Nada de carnes fofas, oigan. Cuerpo bregado, curtido.
Nada de gimnasios y milongas de este tipo. Trabajo de
verdad, duro de sacos y pala. Total, que entró
y llamó la atención ver a alguien de ese
porte en una igualá. Pero la sorpresa mayúscula
generalizada fue cuando, una vez formada la primera
trabajadera y dispuesto el capataz a rellenar los huecos,
Fernando se posicionó junto al resto de costaleros
aspirantes. Quizás fue que cuando entró
no medimos bien sus dimensiones y nos resultó
un tío grande, sin más, percatándonos
de la gran diferencia cuando se talló con otro
costalero, grande también, pero menos; o, sencillamente,
muchos no nos percatamos de la presencia de Fernando
hasta que se arrimó a la zona donde el capataz
igualaba, causándonos la mencionada admiración.

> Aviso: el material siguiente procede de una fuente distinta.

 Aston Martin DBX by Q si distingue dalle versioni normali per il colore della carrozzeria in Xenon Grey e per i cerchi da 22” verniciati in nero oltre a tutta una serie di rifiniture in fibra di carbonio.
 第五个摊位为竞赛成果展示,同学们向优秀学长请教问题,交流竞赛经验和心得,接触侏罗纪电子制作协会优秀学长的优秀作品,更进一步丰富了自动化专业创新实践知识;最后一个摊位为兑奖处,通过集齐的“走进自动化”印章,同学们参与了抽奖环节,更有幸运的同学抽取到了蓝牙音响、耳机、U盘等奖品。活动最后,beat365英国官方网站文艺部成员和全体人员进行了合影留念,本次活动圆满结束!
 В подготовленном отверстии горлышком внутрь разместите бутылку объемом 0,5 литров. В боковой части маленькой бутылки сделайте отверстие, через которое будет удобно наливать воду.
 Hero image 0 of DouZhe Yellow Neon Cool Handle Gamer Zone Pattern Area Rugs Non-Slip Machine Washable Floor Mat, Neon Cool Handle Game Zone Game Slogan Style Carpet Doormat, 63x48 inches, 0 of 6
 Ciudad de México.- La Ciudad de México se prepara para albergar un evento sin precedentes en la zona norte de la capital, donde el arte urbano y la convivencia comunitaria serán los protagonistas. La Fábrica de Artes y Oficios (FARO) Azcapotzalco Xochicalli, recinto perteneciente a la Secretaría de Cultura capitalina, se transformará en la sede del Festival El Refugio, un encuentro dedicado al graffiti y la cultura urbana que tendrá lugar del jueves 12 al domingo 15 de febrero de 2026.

Aquello era cosa hecha, y Fernando lo supo desde el
primer momento. Le habían prometido costaleros
grandes, mucho –yo mismo mido 1’90–,
y aquello lo movió a la ilusión y la esperanza
de verse bajo unos faldones, de una puñetera
vez. Así que, carretera, novia y manta, se calzó
los kilómetros necesarios hasta llegar a Jerez
y se metió en aquél sitio donde no conocía
a nadie. Para nada, claro. La diferencia era abismal
y ni por asomo cabía la posibilidad de que fuera
aquella cuadrilla la que le diera el gustazo a Fernando
de ver una cofradía a través de un respiradero.

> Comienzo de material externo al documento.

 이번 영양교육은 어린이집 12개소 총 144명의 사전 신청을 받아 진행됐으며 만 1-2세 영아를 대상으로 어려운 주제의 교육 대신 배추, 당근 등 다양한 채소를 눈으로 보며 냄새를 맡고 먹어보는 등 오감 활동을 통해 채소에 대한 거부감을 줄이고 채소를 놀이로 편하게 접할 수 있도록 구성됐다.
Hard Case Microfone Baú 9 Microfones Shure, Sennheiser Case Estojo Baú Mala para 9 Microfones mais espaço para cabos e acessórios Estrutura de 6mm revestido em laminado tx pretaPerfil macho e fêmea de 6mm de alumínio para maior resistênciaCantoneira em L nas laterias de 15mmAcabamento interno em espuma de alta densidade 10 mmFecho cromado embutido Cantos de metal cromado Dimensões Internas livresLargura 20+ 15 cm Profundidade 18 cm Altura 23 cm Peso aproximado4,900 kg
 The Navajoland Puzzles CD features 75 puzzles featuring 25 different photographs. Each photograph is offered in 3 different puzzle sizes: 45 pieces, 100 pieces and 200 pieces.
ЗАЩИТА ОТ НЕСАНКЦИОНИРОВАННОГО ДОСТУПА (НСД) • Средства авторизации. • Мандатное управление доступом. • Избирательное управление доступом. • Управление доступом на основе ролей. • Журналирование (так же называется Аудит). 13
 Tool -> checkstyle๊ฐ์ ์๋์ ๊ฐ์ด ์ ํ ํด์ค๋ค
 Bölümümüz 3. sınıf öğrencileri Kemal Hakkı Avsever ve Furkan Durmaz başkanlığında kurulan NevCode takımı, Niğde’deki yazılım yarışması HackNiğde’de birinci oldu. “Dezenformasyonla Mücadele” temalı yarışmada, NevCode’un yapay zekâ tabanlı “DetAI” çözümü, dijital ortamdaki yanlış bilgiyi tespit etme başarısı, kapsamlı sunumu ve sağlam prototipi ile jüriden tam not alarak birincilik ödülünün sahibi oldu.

Todo ante la resignada mirada de su novia que, sin moverse
del fondo de la iglesia donde se ubicaron al llegar,
lo miraba con ojos preocupados, lamentando aquél
viaje y aquellas ilusiones, y todos los viajes y todas
las ilusiones gastadas ya hasta ese momento, que no
eran pocas. A treinta igualás, mencionó
Fernando mientras se retiraba de la fila con una sonrisa,
en busca de su novia. Treinta, decía, y más
que habrá. Porque seré costalero, lo sé,
lo siento. Algún día lo seré. Luego
se acercó sonriente a su novia, la abrazó
y le respondió con un beso a la caricia consoladora
que ella le regaló en la nuca. No pasa nada,
dijo. A ver cuándo hay otra. Y así se
fueron los dos. Como llegaron. Sonriente él y
abrazada a su enorme brazo ella, callados los dos, sin
hacer ruido. Dando la mejor lección de costalería
más hermosa y valiosa de todas: aquella que habla
de la humildad de las personas, de su amor por el oficio
y de la irrefrenable vocación que arde en el
pecho de un costalero de verdad.
Luego, el hueco que no pudo rellenar Fernando lo rellenó
otro hombre y otros hombres hicieron lo propio con el
resto de huecos. Ciento cuarenta costaleros aproximadamente
que tuvieron la suerte de formar parte de esa cuadrilla.
Mientras iban igualando los miraba, algunos felices,
otros satisfechos y otros apáticos, sabiendo
de que lo suyo era llegar y pegar, y más ocupados
en pensar de qué color se van a poner la camiseta
el día de la salida, o con cuantas vueltas se
van a recoger las cañas del pantalón ese
año. Incluso, pensé en ese momento, muchos
de ellos faltarán a algún ensayo porque
juegue un partido importante el Madrid, porque la parienta
se le ponga de púas alzadas o porque –ésta
es la que más me jode– coincide con los
carnavales de Chipiona o Cádiz. Inconscientes
muchos de ellos de la tremenda dicha de poder sentirse
llamados al oficio, y la inconmensurable responsabilidad
que ello conlleva. Ajenos a la lección magistral
que les ha dado Fernando, ese grandullón al que
todos miraban hace un rato. Qué sabrán
ellos lo que es ser costalero, ¿verdad, Fernando?